We now build the model:

# Setting up network
tecator_fnn = fnn.fit(resp = tecResp_train,
                      func_cov = tec_data_train,
                      scalar_cov = scalar_train,
                      basis_choice = c("fourier", "fourier", "fourier"),
                      num_basis = c(5, 5, 7),
                      hidden_layers = 4,
                      neurons_per_layer = c(64, 64, 64, 64),
                      activations_in_layers = c("relu", "relu", "relu", "linear"),
                      domain_range = list(c(850, 1050), c(850, 1050), c(850, 1050)),
                      epochs = 300,
                      learn_rate = 0.002)

## Model
## ________________________________________________________________________________
## Layer (type)                        Output Shape                    Param #     
## ================================================================================
## dense (Dense)                       (None, 64)                      1216        
## ________________________________________________________________________________
## dense_1 (Dense)                     (None, 64)                      4160        
## ________________________________________________________________________________
## dense_2 (Dense)                     (None, 64)                      4160        
## ________________________________________________________________________________
## dense_3 (Dense)                     (None, 64)                      4160        
## ________________________________________________________________________________
## dense_4 (Dense)                     (None, 1)                       65          
## ================================================================================
## Total params: 13,761
## Trainable params: 13,761
## Non-trainable params: 0
## ________________________________________________________________________________
## 
## 
## 
## xxxxxxxxxxxxxxxxxxxxxxxxxxxxxxxxxxxxxxxxxxxxxxxxxxxx

## 
## Trained on 132 samples (batch_size=32, epochs=52)
## Final epoch (plot to see history):
##                   loss: 2.869
##     mean_squared_error: 2.869
##               val_loss: 5.15
## val_mean_squared_error: 5.15

In this example, we build a 4 layer network each of which contains 64 neurons. We use 300 training iterations and define the 3 functional weights (for the 3 functional covariates) using 5, 5, and 7 basis functions, respectively.
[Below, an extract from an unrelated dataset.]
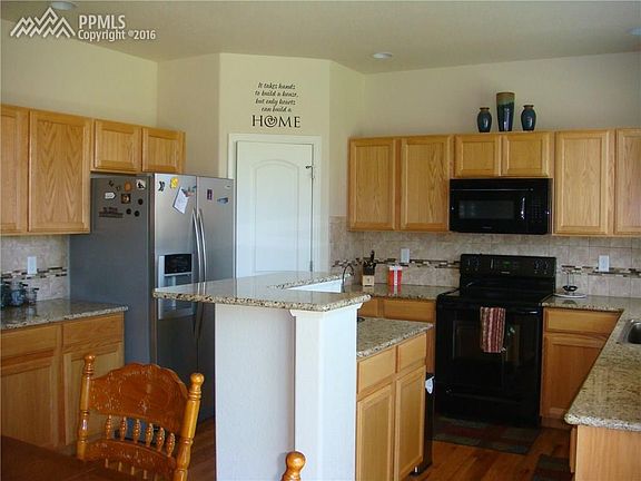 BEAUTIFUL 2-Story - 3 Years New! This stunning home is situated on a huge corner lot, with professional landscaping, fenced back yard & views of the mountains & Garden of the Gods! Bright, neutral great room & cozy kitchen & dining area boasting wood floors. This home features a family-friendly floor plan, and puts all 4 bedrooms AND the laundry on the upper level! Walk-out to fenced back yard from the dining area. Granite countertops/custom backsplash in kitchen - Awesome island! Master Bedroom has adjoining 5-pc w/walk-in closet. NEWER ROOF! A/C! 3-Car Garage! Quiet neighborhood with easy access to the Powers Corridor, shopping, dining, military bases & I-25.

Let’s now get some predictions!

# Predicting
pred_tec = fnn.predict(tecator_fnn,
                       tec_data_test,
                       scalar_cov = scalar_test,
                       basis_choice = c("fourier", "fourier", "fourier"),
                       num_basis = c(5, 5, 7),
                       domain_range = list(c(850, 1050), c(850, 1050), c(850, 1050)))

Using this output, we can compare the predictions to the actual results in whatever way we would like!

And that is pretty much it for this example.